Pepper

Multimodal Holographic Personal Assistant

INFORMATION

CONCEPTPepper – The Assistant explores how we communicate with technology can potentially become more intuitive, embodied, and emotionally resonant through multimodal interaction. Instead of relying solely on speech, Pepper perceives and responds to voice, gesture, facial expression, and body language, creating a more human-like communication experience.
This project reimagines the domestic AI assistant as a holographic presence, a playful ghost rendered through the Pepper’s Ghost illusion. Its form and behaviour merge art, design, and computation, aligning with my practice as an interactive designer and creative technologist who prototypes humane systems through technical experimentation.
The goal was to move beyond voice and screen based assistants and explore a future where technology listens, looks, and gestures just like we do.
IDEATIONIt has been predicted that the global virtual personal assistants’ market is estimated to grow annually at a rate of around 26.53% by 2030 (1). However, research has also indicated that there are still many barriers to people adopting the technology into their everyday lives(2). What can be designed to help people be more willing to incorporate this new technology into their routines and domestic spaces?
One of the major obstacles to people adopting virtual assistants into their everyday lives is a lack of trust that within the new technology(3). By providing a friendly, fun face (that does not fall into the uncanny valley) to the existing virtual assistant systems, it will hopefully allow the user to communicate more easily with the personal assistant system. This is where the idea for this project originated from. I wanted to see whether embodiment and visual feedback could improve users’ willingness to interact with digital assistants. To test and see if it was possible to develop a communication system that bridges human behaviour with real-time machine response. 
The concept for Pepper as a character emerged when researching different possibile presentation methods for an interactive assistant. I was particularly taken with the idea of a holographic assistant. Much existing 3D holographic technology, while beautiful to look at can be prohibitively expensive. For example, Voxon Photonics VX1 which physically builds holograms using millions of points of light (4), costs $11,700 USD plus shipping (5). This takes it well out of the price point of the average person. One way around this is using the Pepper’s Ghost holographic illusion. Originally patented in 1863 by John Henry Pepper and Henry Dircks, it was invented to create a ghost like illusion projection onto the stage (6). Today, artists like Joshua Ellingson can recreate this holographic effect using the same principles as the 1863 patent with just their phones and the top of their iced coffee lid (7).
Pepper then was directly inspired by the holographic system I was planning on using for the project. Not just their name, but also a ghostly avatar floating within the hologram. Using a ghost character had the benefit of being able to use a humanoid shape and face to support the multi-modal functionalities, but also allowing for enough stylization to avoid the uncanny valley. From there I was able to expand on the visual language of a ghost. Ethereal, translucent, a liminal space between digital and human. When considering this project, it was also important I took into consideration my own personal limitations. I'm still just a beginner when it comes to coding. However, companies like Open AI and Google have made it available for developers to use their existing virtual personal assistant technology with their apps (8). This means rather than trying to build an entire AI virtual assistant from scratch, I can ideally integrate this existing technology into the holographic interface I am developing.

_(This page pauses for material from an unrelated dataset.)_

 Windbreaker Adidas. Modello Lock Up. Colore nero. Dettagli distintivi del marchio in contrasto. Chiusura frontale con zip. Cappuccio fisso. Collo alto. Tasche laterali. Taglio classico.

WORKFLOWPhase 1 – Foundation Setup
Goal: Establish independent multimodal systems for perception and response.
Built:
3D ghost avatar with Unity Animator and 2D facial overlays
Custom ghost shader (transparency, Fresnel rim glow, animated noise)
Local WebSocket pipeline for Porcupine wake word → Whisper transcription → TTS response
MediaPipe integration for face, hand, and pose tracking
Outcome: Stable multimodal foundation with each sensor operating independently.
Phase 2 – Integration Architecture
Goal: Create a unified state-driven interaction system.
Built:
InteractionContext for centralized state management
MediaPipeIntegrationAdapter and MediaPipeGestureBridge for synchronising visual inputs
CompositeGestureRecognizer and ResponseGenerator for contextual reactions
GestureDefinitionSO library for reusable pattern definitions
Challenges: Missing namespace references, incomplete coroutine and pattern logic.
Solutions: Defined pattern classes, added LINQ extensions, implemented full evaluation logic, and unified coroutine flow.
Result: Functional architecture linking all perception systems into a cohesive, event-driven response network.
Phase 3 – MediaPipe Image Disposal Crisis
Problem: Multiple detectors (face, hand, pose) shared a single webcam stream; one disposed of it before others finished processing.
Solution: Reordered detection sequence; moved gesture recognition before disposal; shifted modes — SYNC for pose, VIDEO for hands.
Outcome: Stable image lifecycle and fully functional gesture detection (e.g., “sad_wave”).
Phase 4 – Facial Blendshape Mystery
Problem: MediaPipe’s blendshape objects returned no readable data.
Discovery: The property names differed from expected labels.
Solution: Used reflection to inspect MediaPipe’s live object structure, rewrote extraction logic, reconnected adapters, and added full debug logging.
Outcome: 52 blendshape categories now map correctly into the emotion detection pipeline.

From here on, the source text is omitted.